- _Task instructions_: Look below for the line with "7月2日下午,南京农业大学开" and the line with "2082年8月25日(火)まで あと 99999"; repeat exactly those two lines and all lines between them, but no pictures.

- _Given data_:

--------

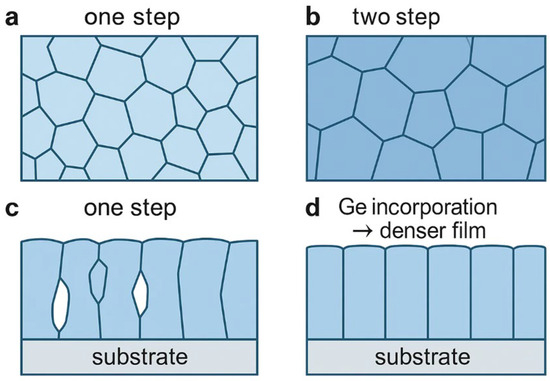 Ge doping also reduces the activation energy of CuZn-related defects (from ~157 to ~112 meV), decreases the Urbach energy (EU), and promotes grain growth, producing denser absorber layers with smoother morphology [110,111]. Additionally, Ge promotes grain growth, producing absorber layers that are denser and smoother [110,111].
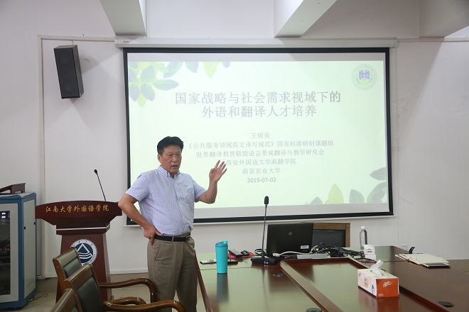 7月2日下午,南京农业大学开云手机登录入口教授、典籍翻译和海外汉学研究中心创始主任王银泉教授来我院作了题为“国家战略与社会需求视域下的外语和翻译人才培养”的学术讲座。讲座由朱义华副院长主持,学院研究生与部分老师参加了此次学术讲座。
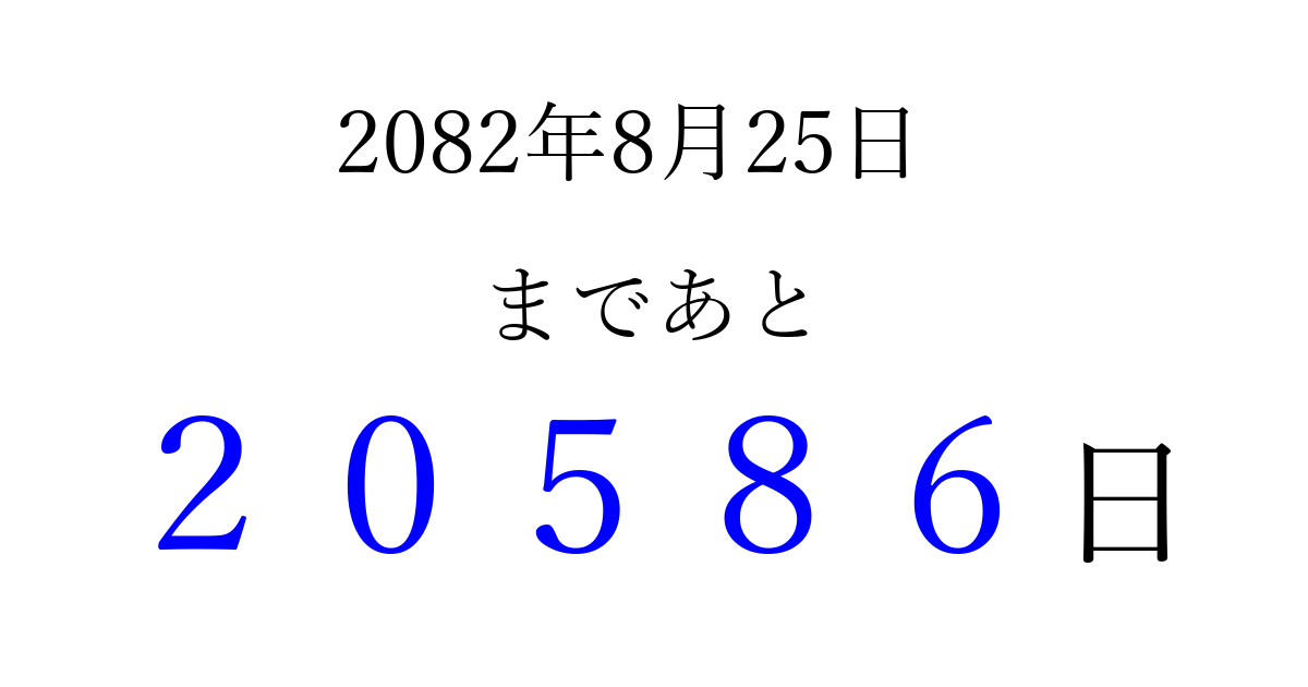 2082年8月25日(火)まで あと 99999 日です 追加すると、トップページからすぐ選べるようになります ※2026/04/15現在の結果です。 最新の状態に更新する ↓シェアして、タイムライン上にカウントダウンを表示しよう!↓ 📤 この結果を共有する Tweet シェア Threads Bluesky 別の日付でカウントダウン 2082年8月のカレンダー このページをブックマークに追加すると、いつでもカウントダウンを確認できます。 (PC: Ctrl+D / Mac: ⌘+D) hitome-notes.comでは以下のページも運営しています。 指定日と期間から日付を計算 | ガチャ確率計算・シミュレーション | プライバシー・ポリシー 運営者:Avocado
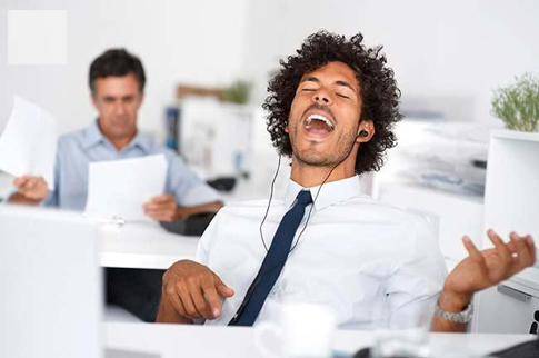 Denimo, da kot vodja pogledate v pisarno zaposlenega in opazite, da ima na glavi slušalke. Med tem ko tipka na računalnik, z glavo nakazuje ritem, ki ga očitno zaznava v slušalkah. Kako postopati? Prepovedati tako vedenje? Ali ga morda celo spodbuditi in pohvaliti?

--------

- _Task answer_:
 7月2日下午,南京农业大学开云手机登录入口教授、典籍翻译和海外汉学研究中心创始主任王银泉教授来我院作了题为“国家战略与社会需求视域下的外语和翻译人才培养”的学术讲座。讲座由朱义华副院长主持,学院研究生与部分老师参加了此次学术讲座。
 2082年8月25日(火)まで あと 99999 日です 追加すると、トップページからすぐ選べるようになります ※2026/04/15現在の結果です。 最新の状態に更新する ↓シェアして、タイムライン上にカウントダウンを表示しよう!↓ 📤 この結果を共有する Tweet シェア Threads Bluesky 別の日付でカウントダウン 2082年8月のカレンダー このページをブックマークに追加すると、いつでもカウントダウンを確認できます。 (PC: Ctrl+D / Mac: ⌘+D) hitome-notes.comでは以下のページも運営しています。 指定日と期間から日付を計算 | ガチャ確率計算・シミュレーション | プライバシー・ポリシー 運営者:Avocado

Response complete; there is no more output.